So what people would do? The book explains the theory of persistence hunting, where people in group chose an target, for example, an antelope, hunt after it and separate it from its pack, and run after it until the animal drops dead due to tiredness and overheating. At the first, the antelope would run fast and it will be very successful, however, people would not give up running after it. Animal body cannot sweat like humans do, and at some point after a long run and chasing, animal would stop as it body gets overheated. Thats where the running group of people would circle it.

In sum, long-distance running was humans’ evolutionary advantage. But then, if it is so, the book asks, why do most people hate running and got injured all the time?

Here comes the second part of the book’s argument — modern running shoes inhibit people’s ability to run naturally and caus all kinds of injures. Historically, people run barefoot. Even these days, people living in farthest points on the Earth still walk and run barefoot. As running was essential for hunting and surviving, human leg's surface evolved into sensitivity touchscreen that can feel and analyze the surface it was running on. The trick is that your feet is very strong or that its sole is unbreakable by any surface. The trick is that when you run barefoot, you feel the surface you are running on better and this pushes to adjust your run accordingly to avoid injuries. In contrast, when you run in your huge Nikes or Rebooks or Pumas with thick spongy sole, you do not really differentiate between rocks, grass, asphalt or any other surface. It is like swiping your smartphone with gloves on — it just does not work. Although shoes indeed provide protection, they overprotect legs to the extent that we fully gave up control over our run and stop adjusting our feet movements under different surface.

There is really no magic or superpower character to this argument.
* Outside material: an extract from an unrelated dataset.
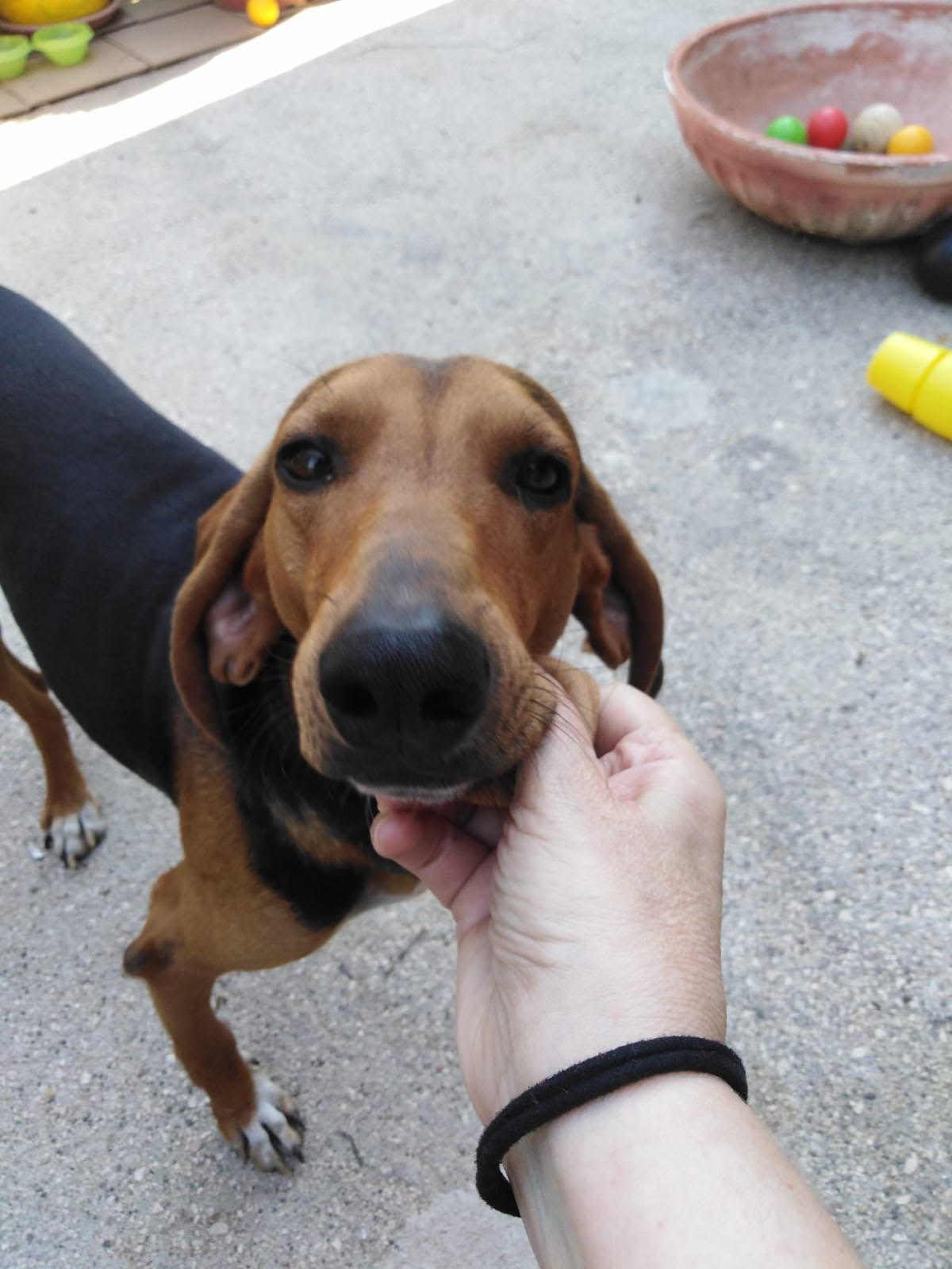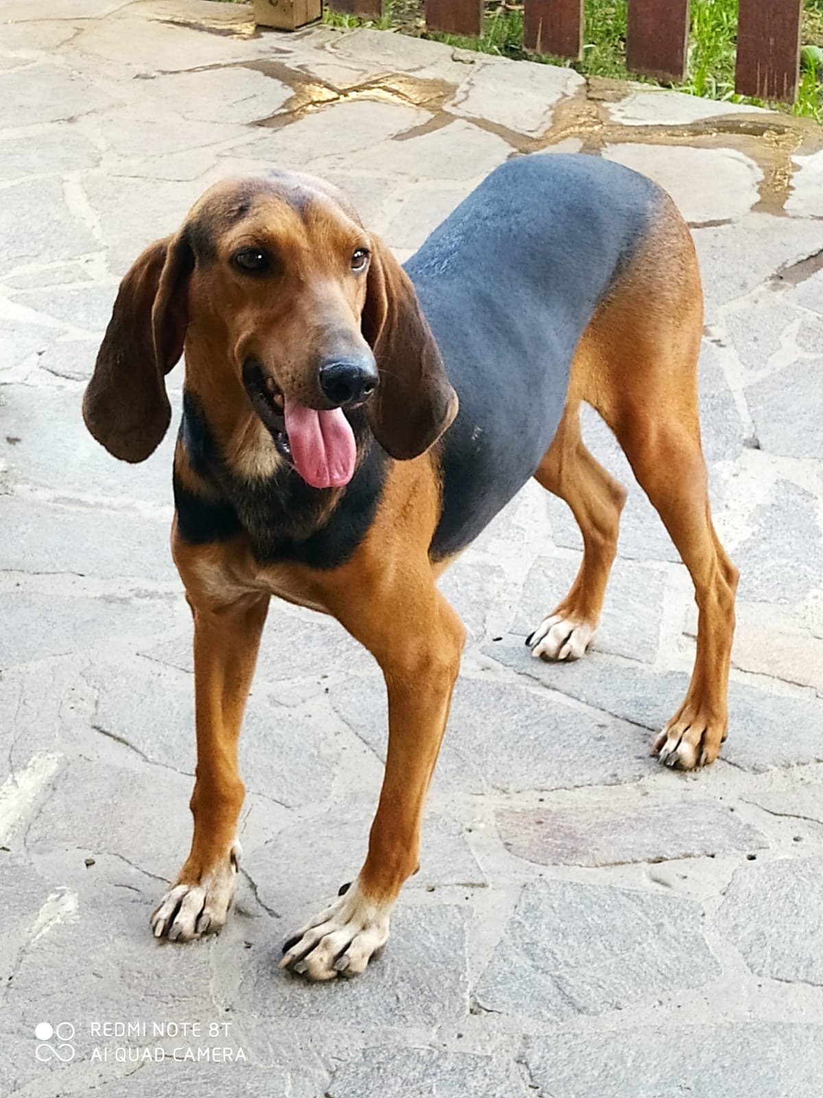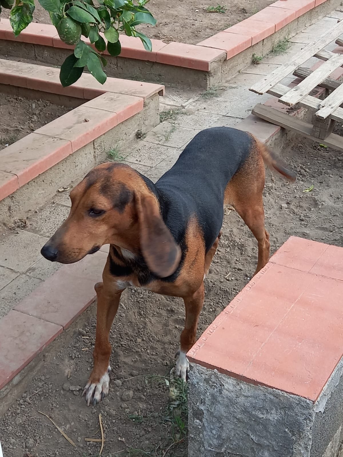 BANANA est un chien de race Chien Courant Italien, non lof, couleur noir et feu.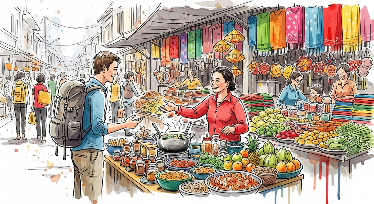Уличные рынки - это сердце и душа многих городов Юго-Восточной Азии, включая Вьетнам. Здесь бурлит жизнь, царят ароматы экзотических фруктов и специй, и можно найти все, что угодно. Чтобы ваше посещение рынка было не только интересным, но и успешным, я собрала 25 полезных фраз на английском языке, а также три коротких диалога, которые помогут вам общаться с продавцами (подходят для уровней A2–B1). You: "Hello! How much is this?" (показывая на футболку)

Try walking and then running barefoot on city asphalt and you will see how cautious and easy touching your legs become. If you run on asphalt the same way as you run in your puffy running shoes — it will hurt damn much. I know, I tried. In short, barefoot running was there forever, and running shoes appeared only in late 1960s. Since you do not feel surface, you plunge you feet to the ground and all the pressure and weight power that you pushed to the ground hits back at you. That is the cause of all injuries.

I hope I was able to get on the basics of the argument of the book, but there is much more. There is really no dogmatic or moral argumentation that shoes are bad and corporations that sell them do not know what they do. Rather there is an interesting and catching story-telling with the plot and main characters that develop these arguments into easy to follow narrative.

This book did not teach me any running technique. It did not teach how to run for long and do not get tired. There is no special secrets it holds that will help you to become a super runner. Rather, it changed my perspective toward running. I would even say, it taught a philosophy of running, something I did not think about before. I learned to be woke and present during my run and pay attention to my legs, body and mind. I learned not get drawn away in music during the run as I often do, but be here and now. Its not about immediately taking off my shoes and starting running barefoot. Rather, its about being attentive to legs and feel and understand surfaces better.

Finally, the book emphasizes the need to enjoy running and do not make it a hustle or a burden or just a check-point in your fitness program. My favorite quote is the one that I always remember at the start of each run:

“Think Easy, Light, Smooth, and Fast. You start with easy, because if that’s all you get, that’s not so bad. Then work on light. Make it effortless, like you don’t give a shit how high the hill is or how far you’ve got to go. When you practiced that so long that you forget you’re practicing, you work on making it smooooooth. You won’t have to worry about last one — you get those three, and you’ll be fast.”